If Ritalin and Plan B had an illegitimate child it would smell like me.
How the hell am I supposed to know what lotion to get her? They should have a dressing booth where I could go test how good it is for jerking off, then I'd know.
The KFC double down is way too much for a drunk. He was just staring at it in awe.
and all i could think about was how mcdonalds would not be open anymore after we were done having sex
The background of my phone is you taped to the wall wearing a cowboy hat
Made fish tank punch. It's like trash can punch but in a fish tank. Also, my dad saw a picture I uploaded on Facebook and called me a pussy for only making 10 gallons.
JOY: That feeling when you crack open a handle for the first time, and the flow limiter comes off with the cap.

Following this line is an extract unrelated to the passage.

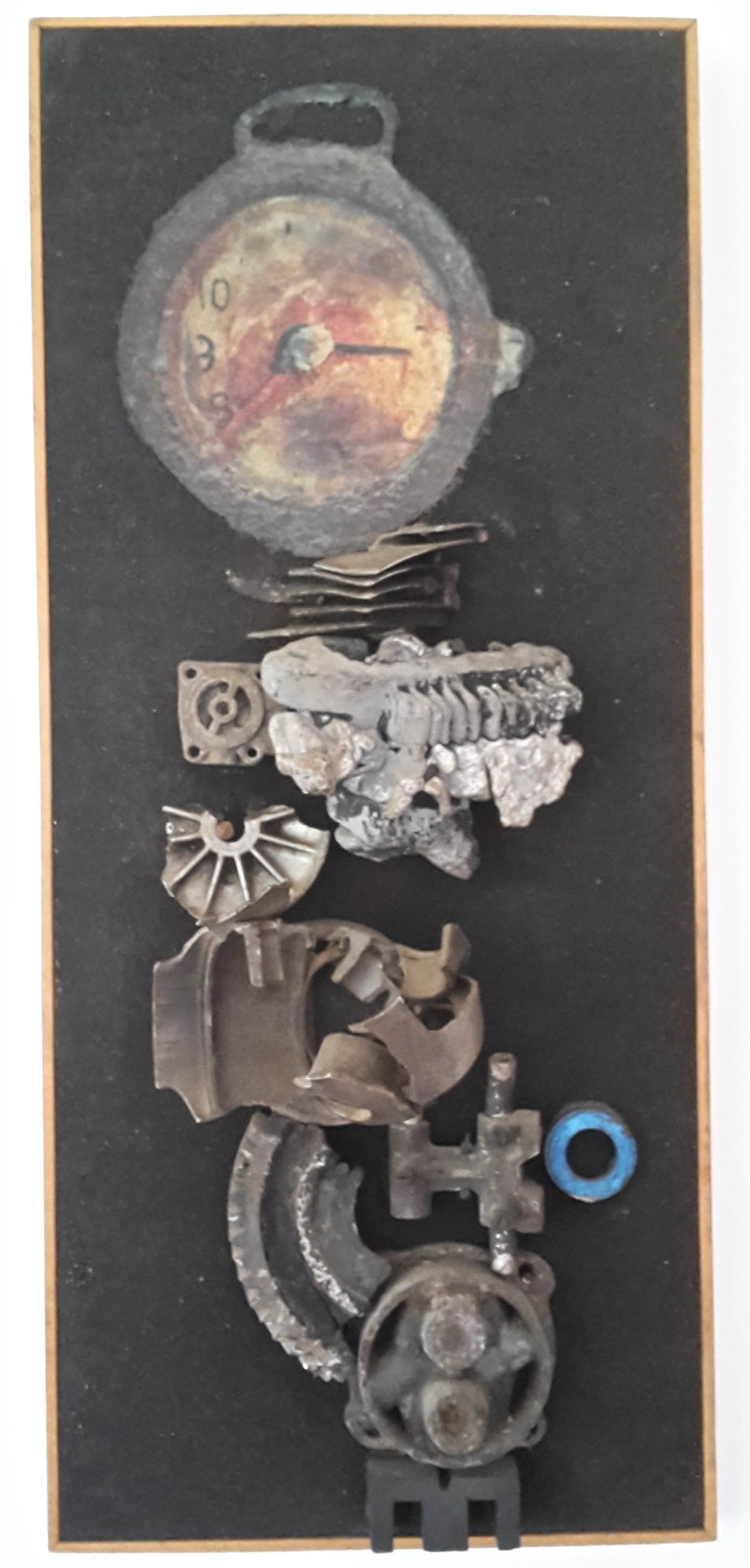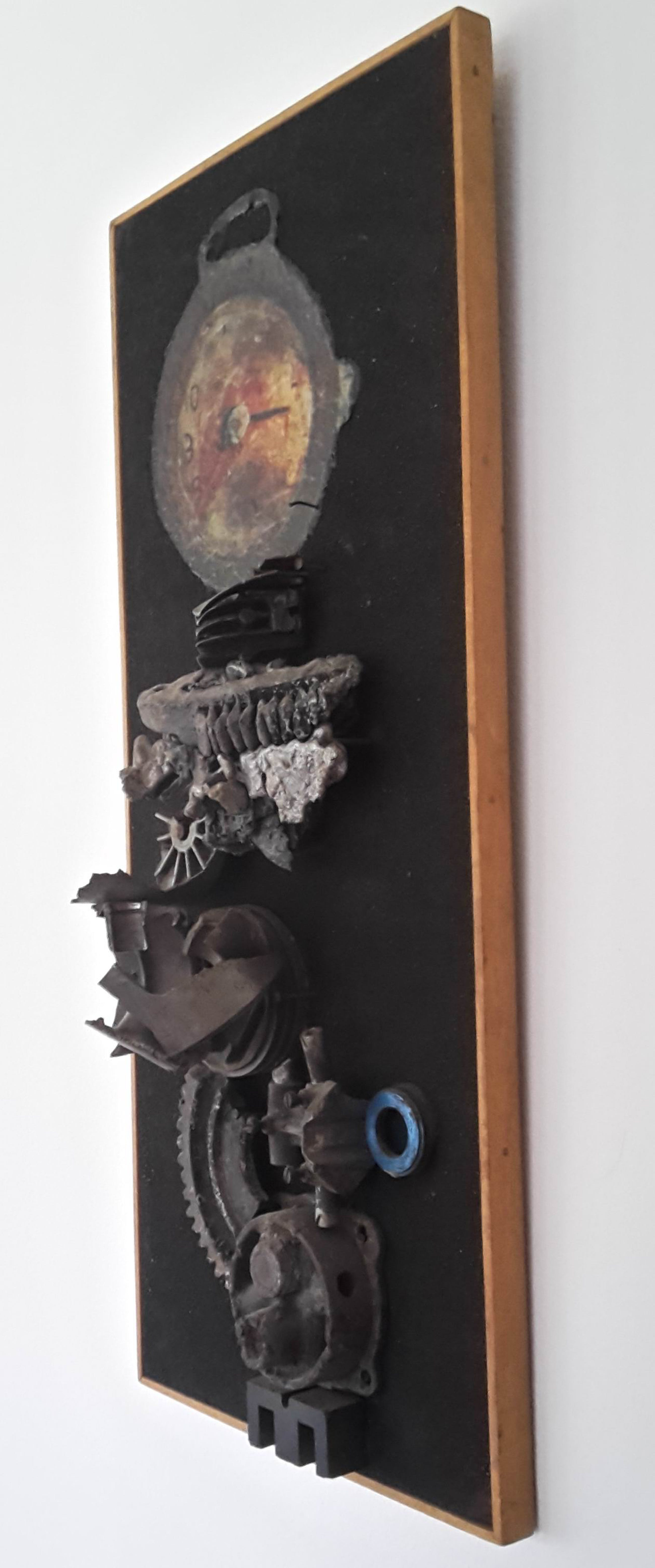 Vroeg werk van Yvonne Kracht. Reliëf op zwart geschilderd spaanplaat, gemengde techniek: verf en collage van wijzerplaat en ijzeren gevonden objecten (motor-onderdelen) in houten omlijsting;

Was my shirt on fire at any point last night? Because I'm fairly sure my shirt was on fire.
Hey do you eat chocolate chip pancakes with bacon in?
DO NOT MAIL ME A PANCAKE
Well, during the ride home I had to personally apologize to both of her breasts.
Did you drink ALL that 151??
No. We drank all the jaeger... Then used the 151 to start the fire. We're also out of paper towels... And your hairspray is flammable.
I couldn't find the oven mitts so I used a thick stack of tortillas
Can we both just take a day off just to have sex? Is that acceptable as an adult?
If you're doing something that makes your best friend lock you in a bathroom you shouldn't be doing it
Have a booty call at 3am, stopped for tacos at 2:30. It's 2:55 and I still haven't ordered but can't jump the curb to get out of line because there is a cop in front of me. What am I doing with my life?